After this, we will find the probability of two persons not sitting together by using $P\left( {A'} \right) = 1 - P\left( A \right)$ where, $P\left( {A'} \right)$ is the probability of the event not occurring.
Then, we will find the odds against the event $A = \dfrac{{P\left( A \right)}}{{P\left( {A'} \right)}}$.

Complete step-by-step solution:
Here, we are given that $n$ persons are seated at the round table. Therefore, the total number of ways in which these $n$ persons can sit along the round table are, $n\left( S \right) = \left( {n - 1} \right)!$ ways.
Now, we are given that two particular persons sit together so considering these two persons as one. There will be only $n - 1$ persons and these $n - 1$ can be seated along the round table by
$\Rightarrow \left( {\left( {n - 1} \right) - 1} \right)!$ ways
$\Rightarrow \left( {n - 1 - 1} \right)!$ ways
On addition of negative terms we get,
$\Rightarrow \left( {n - 2} \right)!$ ways
As mentioned in the question two specified individuals sitting next to each other. So these two particular persons can arrange themselves by $2!$ ways.
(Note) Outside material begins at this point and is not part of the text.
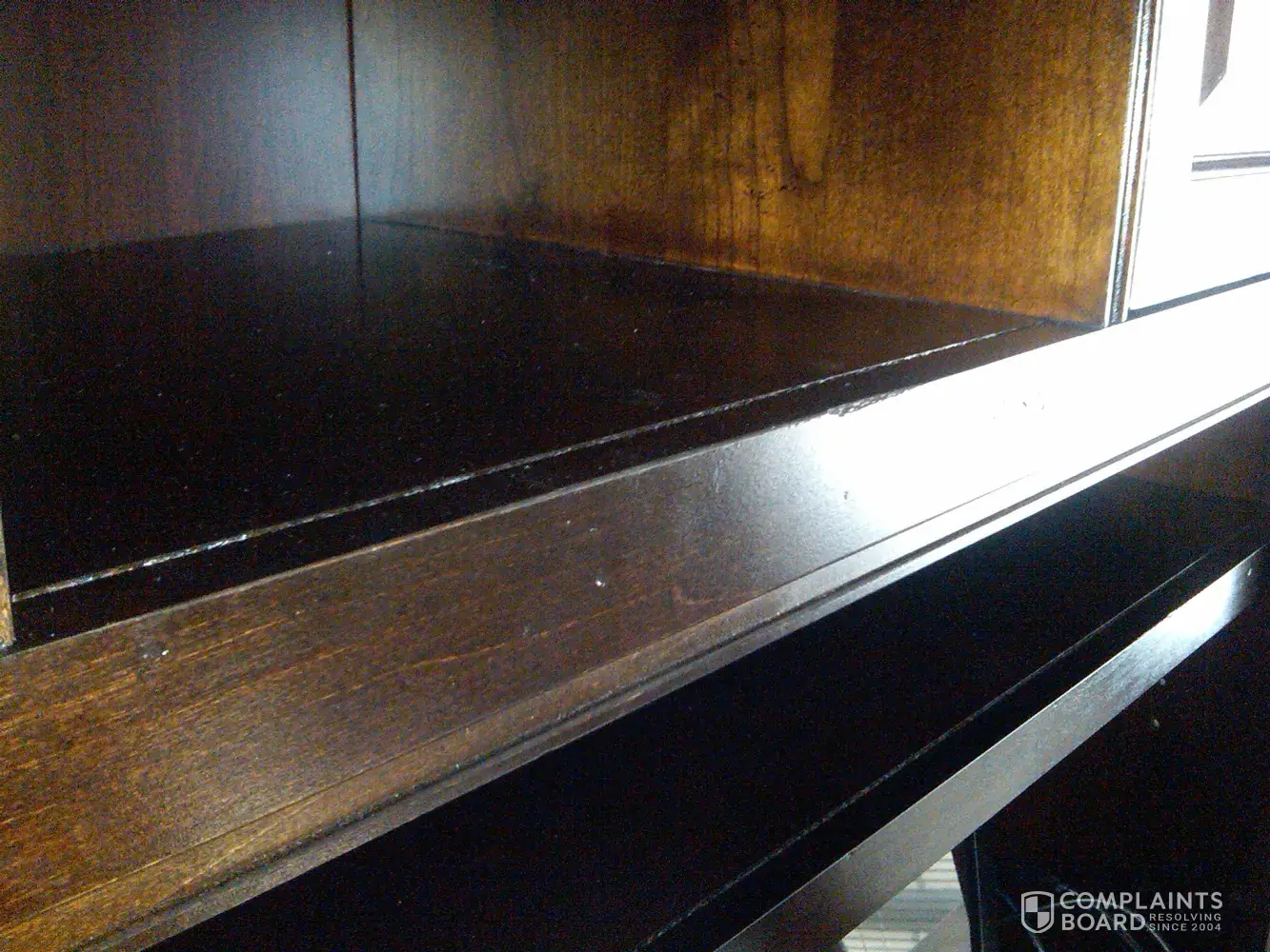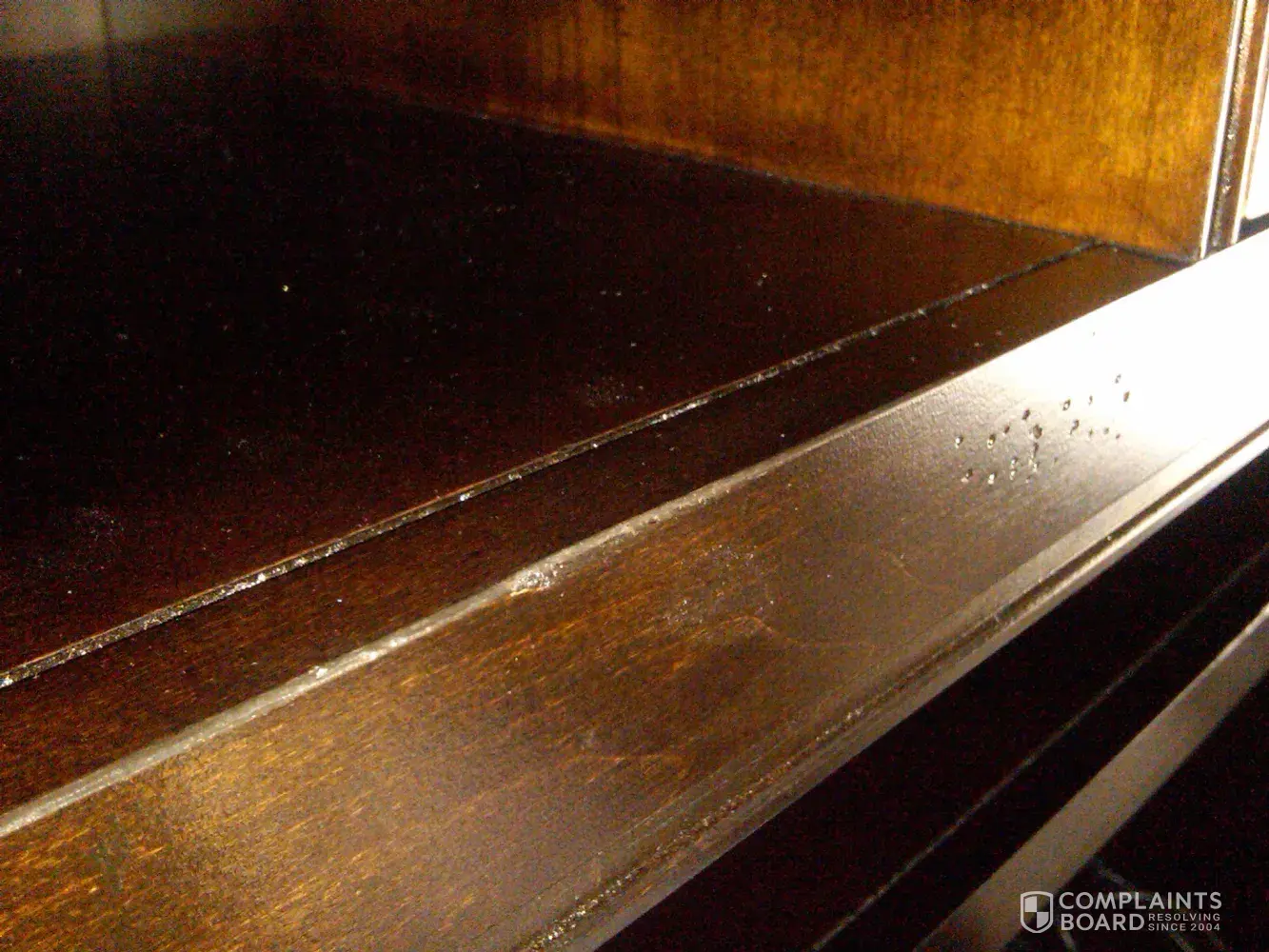 gooey substance leaking from side recess tracks in tv cabinet

Therefore, the total numbers of favorable outcomes $P\left( A \right) = \left( {n - 2} \right)! \times 2!$ ways.
So, the probability of two persons sitting together is;
$P\left( A \right) = \dfrac{{n\left( A \right)}}{{n\left( S \right)}}$
On substituting the values, we get
$\Rightarrow P\left( A \right) = \dfrac{{\left( {n - 2} \right)!2!}}{{\left( {n - 1} \right)!}}$
We know that, $\left( {n - 1} \right)!$ can be written as $\left( {n - 1} \right)\left( {n - 2} \right)!$
$\Rightarrow P\left( A \right) = \dfrac{{\left( {n - 2} \right)!2!}}{{\left( {n - 1} \right)\left( {n - 2} \right)!}}$
On cancelling out common factors, we get
$\Rightarrow P\left( A \right) = \dfrac{{2 \times 1}}{{\left( {n - 1} \right)}} = \dfrac{2}{{n - 1}}$
So the probability of two persons not sitting together is; $P\left( {A'} \right) = 1 - P\left( A \right)$
$\Rightarrow P\left( {A'} \right) = 1 - \dfrac{2}{{n - 1}}$
Take LCM on RHS.
$\Rightarrow P\left( {A'} \right) = \dfrac{{1\left( {n - 1} \right) - 2}}{{n - 1}}$
$\Rightarrow P\left( {A'} \right) = \dfrac{{n - 1 - 2}}{{n - 1}}$
On simplification, we get
$\Rightarrow P\left( {A'} \right) = \dfrac{{n - 3}}{{n - 1}}$
So the odds the event $A$ is = $\dfrac{{P\left( {A'} \right)}}{{P\left( A \right)}}$
$=\dfrac{{\dfrac{{n - 3}}{{n - 1}}}}{{\dfrac{2}{{n - 1}}}}$
It can also be written as,
$= \dfrac{{n - 3}}{{n - 1}} \times \dfrac{{n - 1}}{2}$
On cancelling out common factors, we get
$= \dfrac{{n - 3}}{2}$
$= \left( {n - 3} \right):2$
Thus, the odds against two specified individuals sitting next to each other are $\left( {n - 3} \right):2$.
Therefore, the correct option is 2.

Note: Remember to calculate the number of ways specified individuals sitting next to each other because there are different ways of their sitting arrangement and multiply it to the number of ways of sitting arrangement of rest. That will be our total number of favorable outcomes. Students must be careful between odds against and odds in favor. Odds in favor of a particular event are given by the number of favorable outcomes divided by number of unfavorable outcomes. Or we can say that it is reciprocal of odds against.